ANTONIO DA SANGALLO IL GIOVANE
Il più ambizioso tra i progetti proposti dopo la morte di Bramante vi fu quello di Antonio da
Sangallo il Giovane. Conosciamo il modello in legno eseguito nel 1540.
MICHELANGELO
Michelangelo fu l’unico che riprese la grandiosità del progetto originale di Bramante. Il
fiorentino subentrò ad Antonio da Sangallo il Giovane nel 1546. Alla sua morte nel 1564,
Michelangelo aveva portato alla realizzazione gran parte della basilica di San Pietro secondo
un progetto che modificava in parte la pianta centrale prevista da Bramante. Oggi vediamo:
Costruzione del tamburo fino al piano d’imposta della cupola (ha un profilo
leggermente ogivale).
LA FINE DEL CANTIERE
l’allungamento delle navate e la realizzazione della navata furono portati avanti da Carlo
Maderno nella prima metà del XVII secolo, dove alla fine trionfò la croce latina.

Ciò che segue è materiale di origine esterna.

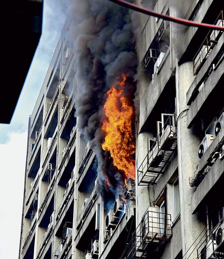 कोलकाता. दक्षिण कोलकाता के मिंटो पार्क के नजदीक सर्कस एवेन्यू स्थित ‘कृष्णा’ नामक बहुमंजिली इमारत की छठी मंजिल पर शनिवार दोपहर में भीषण आग लग गयी. आग लगने से इलाके में अफरा-तफरी का माहौल बन गया. इस इमारत में कुछ निजी कार्यालय भी स्थित हैं. सूचना मिलते ही करया थाने की पुलिस और आपदा प्रबंधन समूह (डीएमजी) की टीम तुरंत मौके पर पहुंची. दमकल विभाग के एक के बाद एक सात इंजन भी घटनास्थल पर लाये गये. पुलिस और सुरक्षाकर्मियों की सक्रियता से इमारत में फंसे सभी लोगों को सुरक्षित बाहर निकाल लिया गया. दमकलकर्मियों ने करीब दो घंटे की कड़ी मशक्कत के बाद आग पर काबू पा लिया. जिसके बाद कूलिंग की प्रक्रिया जारी रही.

RAFFAELLO, PERUZZI E ANTONIO DA SANGALLO IL GIOVANE
Raffaello ricevette un’educazione da pittore ad Urbino. Si ispirò nelle forme
architettoniche al linguaggio classico ed elegante di Bramante (soprattutto
quelle delle prime opere).
PALAZZO PANDOLFINI è un palazzo a Firenze di cui Raffaello eseguì il prospetto. Si
presenta come un’elegante fusione tra lo stile fiorentino e dello stile bramantesco romano.
Come tipologia si trova a metà strada tra il palazzo e la villa, perché, al momento della
realizzazione, si trovava in periferia della città.

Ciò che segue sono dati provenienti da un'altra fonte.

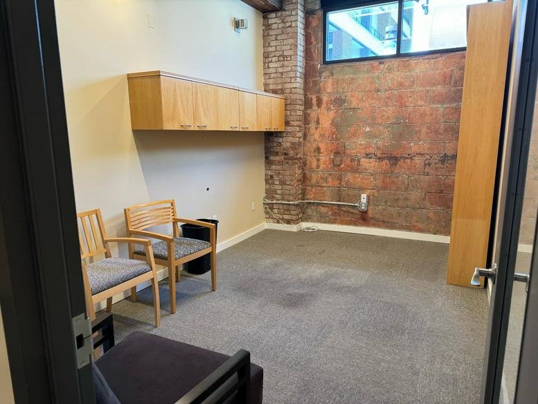 Situated on the first floor of a characterful loft building in Montclair, NJ, this office space offers a blend of historic charm and modern functionality. The suite features two workstations with ergonomic furniture, complemented by two offices boasting exposed brick walls, high ceilings and glass doors. Tenants benefit from exclusive use of a 12-person conference room, complete with cathedral ceiling and oak beams, as well as a kitchenette, bathroom and generous storage facilities.

Nel 1515 Raffaello fu nominato commissario delle antichità romane, da papa
Leone X Medici.
VILLA MADAMA viene realizzata verso il 1516-17 per il cardinale Giulio De’ Medici,
futuro papa Clemente VII, e la costruzione riflette un rinnovato interesse per l’antichità.
Dimostrazione del gusto per la classicità romana ne è la loggia che si affaccia sul giardino
che Raffaello decise di far ornare con decorazioni a stucco (grottesche). La loggia ha una
pianta absidata mentre il cortile è a pianta centrale; questi due elementi si ispirano alla
grandiosità dell’impianto termale romano; un altro modello classico è quello delle ville
imperiali, soprattutto per il fatto che queste si disponessero su diversi livelli lungo la collina.
Questo faceva sì che il complesso residenziale fosse formato da elementi che non erano da
subito direttamente visibili, perché nascosti dal profilo della collina.
Baldassarre Peruzzi realizzò il progetto per il Palazzo Massimo alle Colonne
PALAZZO MASSIMO ALLE COLONNE non è un solo edifico ma si tratta di due palazzi
adiacenti, che si conformano in un terreno irregolare. Il lato più ambizioso è quello orientale.
La facciata è a bugnato liscio ed è leggermente convessa perché segue la curva della strada.
Attraverso un androne, si raggiunge un cortile porticato con loggia al primo piano riccamente
decorata. Questo cortile fu progettato come un atrio classico, forse richiamando il fatto che la
famiglia Massimo discendesse dalla stirpe romana di Fabio Massimo.
VILLA FARNESINA è la prima opera importante di Peruzzi a Roma. Presenta una loggia
aperta a piano terreno, mentre gli interni della loggia sono stati affrescati da Raffaello. La
Farnesina è uno dei primi esempi di ricreare il modello della villa suburbana, così com’era
descritto da Plinio il Giovane.
Antonio da Sangallo il Giovane progettò il più celebre palazzo rinascimentale
di Roma.
PALAZZO FARNESE fu iniziato nel 1515, poco dopo gli inizi dei lavori a Villa Farnesina.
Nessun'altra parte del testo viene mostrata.